__Brief__
What's wanted is each entry repeated verbatim, minus its images.

__Data__
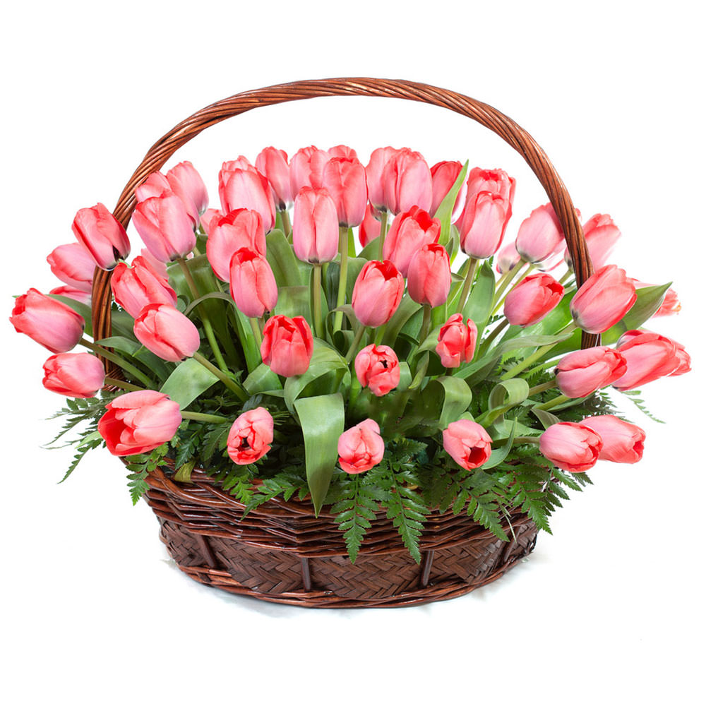 Цветы в корзинке «Розовые тюльпаны» с доставкой по г Верхняя Тура: вы можете заказать букет в интернет-салоне цветов «Флормания» по цене от 3890 руб.
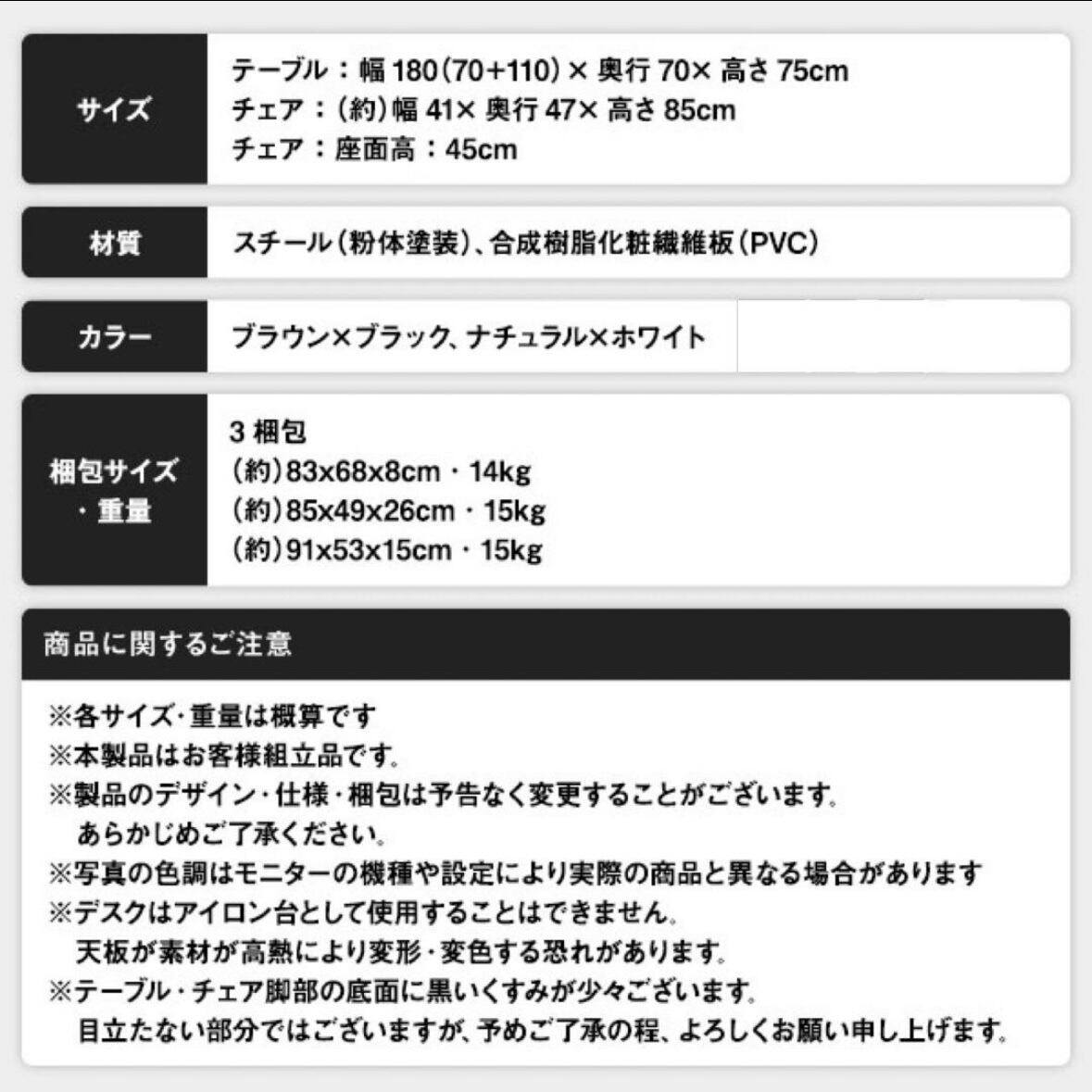 テーブル:(約)幅180(70+110)×奥行70×高さ75cm
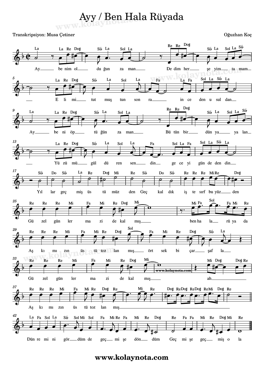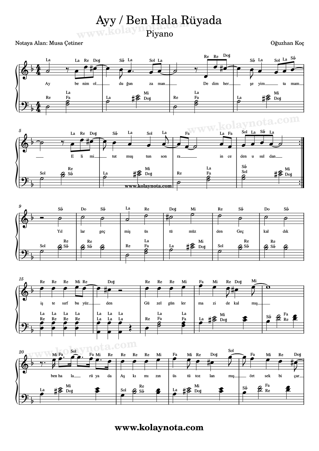 Ayy / Ben Hala Rüyada, Nota. Oğuzhan Koç’un bir şarkısı. Sanatçının 2013 yılında çıkan aynı adlı albümünde yer almış. Nihavend makamında bir şarkı. Re karar sesinde yorumlanmış, aynı karar seste notaya aldım. Kolay nota ve piyano düzenlemesini görebilirsiniz. Keman, melodika, flüt, org gibi çalgılarda çalabilir, PDF ve imaj biçiminde görüntüleyebilirsiniz.
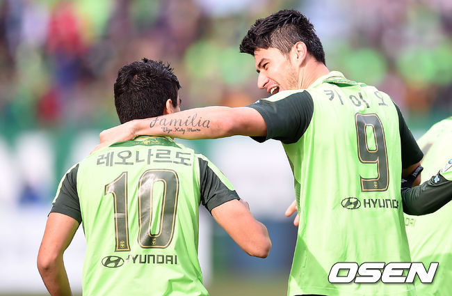 지속적으로 골을 노린 전북은 전반 24분 페널티킥 기회서 포항의 골망을 흔들었다. 키커로 나선 레오나르도가 슈팅을 하지 않고 살짝 내준 공을 뒤에서 쇄도한 카이오가 왼발 슈팅으로 연결해 선제골을 넣은 것. 도움 1개를 추가한 레오나르도는 이명주(알 아인)를 제치고 도움 1위로 올라설 수 있었다.
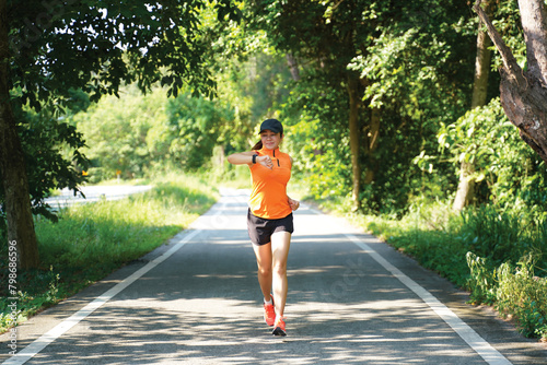 Healthy woman jogging run and workout on road outdoor. Asian runner people exercise gym with fitness session, nature park background. Health and Lifestyle Concept

__Reply__
 Цветы в корзинке «Розовые тюльпаны» с доставкой по г Верхняя Тура: вы можете заказать букет в интернет-салоне цветов «Флормания» по цене от 3890 руб.
 テーブル:(約)幅180(70+110)×奥行70×高さ75cm
 Ayy / Ben Hala Rüyada, Nota. Oğuzhan Koç’un bir şarkısı. Sanatçının 2013 yılında çıkan aynı adlı albümünde yer almış. Nihavend makamında bir şarkı. Re karar sesinde yorumlanmış, aynı karar seste notaya aldım. Kolay nota ve piyano düzenlemesini görebilirsiniz. Keman, melodika, flüt, org gibi çalgılarda çalabilir, PDF ve imaj biçiminde görüntüleyebilirsiniz.
 지속적으로 골을 노린 전북은 전반 24분 페널티킥 기회서 포항의 골망을 흔들었다. 키커로 나선 레오나르도가 슈팅을 하지 않고 살짝 내준 공을 뒤에서 쇄도한 카이오가 왼발 슈팅으로 연결해 선제골을 넣은 것. 도움 1개를 추가한 레오나르도는 이명주(알 아인)를 제치고 도움 1위로 올라설 수 있었다.
 Healthy woman jogging run and workout on road outdoor. Asian runner people exercise gym with fitness session, nature park background. Health and Lifestyle Concept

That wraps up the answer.